* How to complete this task
Word for word, print out all of the data, omitting every image.

* Provided material
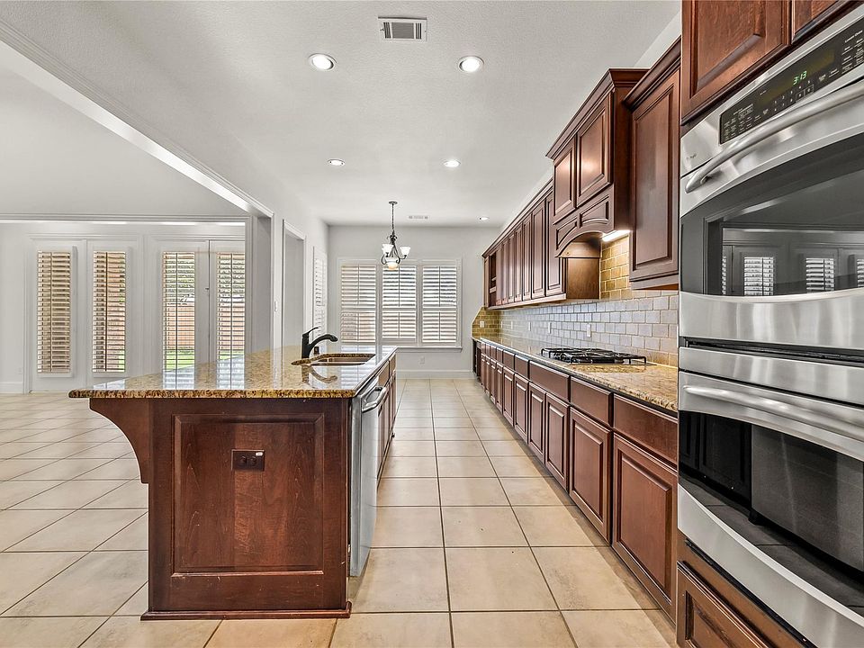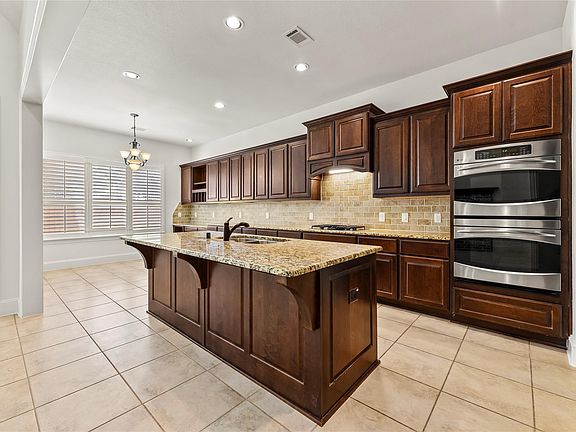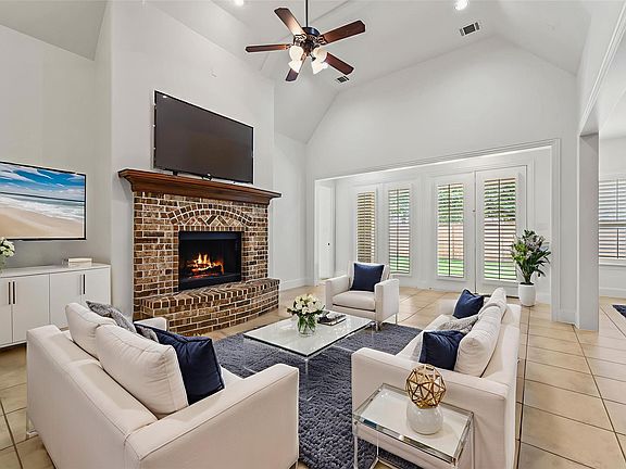 Recently painted with new carpet, a private office, back patio and game room! Welcome to 4510 Cedarfield Road in the prestigious Cinco Ranch community of Katy. This updated 4-(5) bedroom, 4-bath home sits on a quiet cul-de-sac just steps from top-rated KISD schools. The kitchen features granite countertops, a large island, and rich cabinetry with underlighting opening to the living area with fireplace, soaring ceilings, and a wall of windows. Has a breakfast nook and formal dining. The primary suite includes a spa-inspired bath with soaking tub and separate shower. Two additional bedrooms are downstairs, while upstairs offers a large game room, finished attic flex space, and another bed and bath. The covered extended patio is perfect for entertaining with no back neighbors. The Master planned Cinco Ranch Community amenities include parks, trails, pools, playgrounds, tennis and pickleball courts, community events, and more! Great location next to dining, shopping and La Centerra!
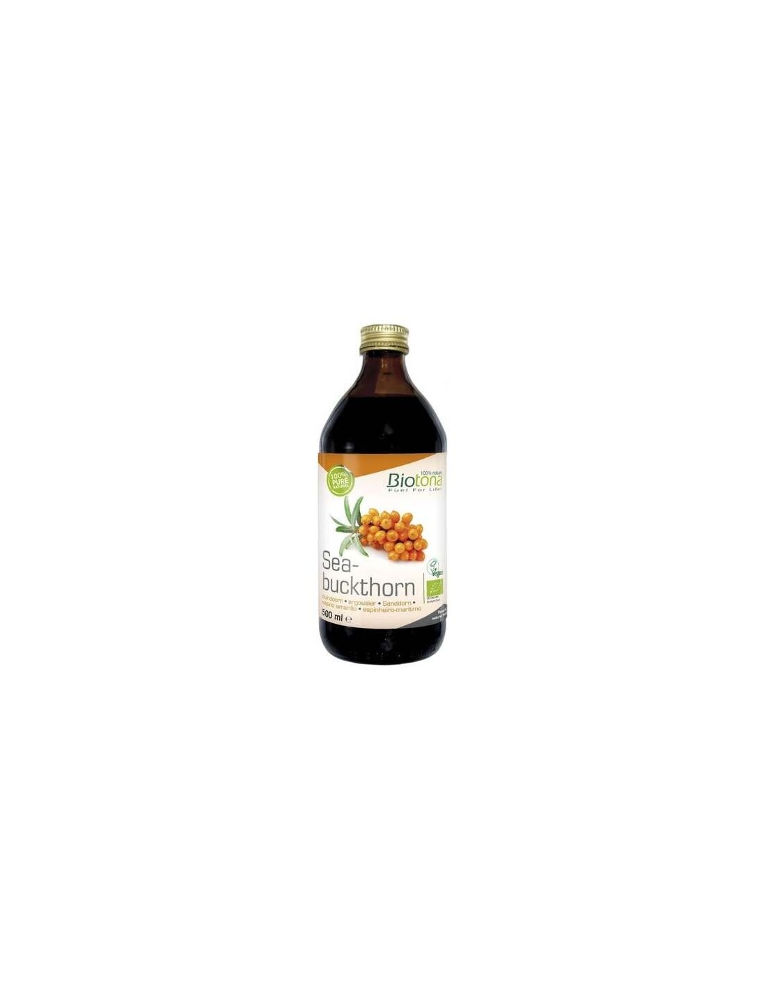 Jugo de espino amarillo* (Hippophae rhamnoides) (100%).
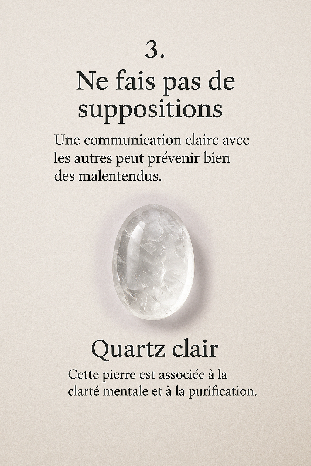 Ne devine pas ce que pensent les autres ou leurs intentions. Communique clairement pour éviter malentendus et conflits.

* Task answer
 Recently painted with new carpet, a private office, back patio and game room! Welcome to 4510 Cedarfield Road in the prestigious Cinco Ranch community of Katy. This updated 4-(5) bedroom, 4-bath home sits on a quiet cul-de-sac just steps from top-rated KISD schools. The kitchen features granite countertops, a large island, and rich cabinetry with underlighting opening to the living area with fireplace, soaring ceilings, and a wall of windows. Has a breakfast nook and formal dining. The primary suite includes a spa-inspired bath with soaking tub and separate shower. Two additional bedrooms are downstairs, while upstairs offers a large game room, finished attic flex space, and another bed and bath. The covered extended patio is perfect for entertaining with no back neighbors. The Master planned Cinco Ranch Community amenities include parks, trails, pools, playgrounds, tennis and pickleball courts, community events, and more! Great location next to dining, shopping and La Centerra!
 Jugo de espino amarillo* (Hippophae rhamnoides) (100%).
 Ne devine pas ce que pensent les autres ou leurs intentions. Communique clairement pour éviter malentendus et conflits.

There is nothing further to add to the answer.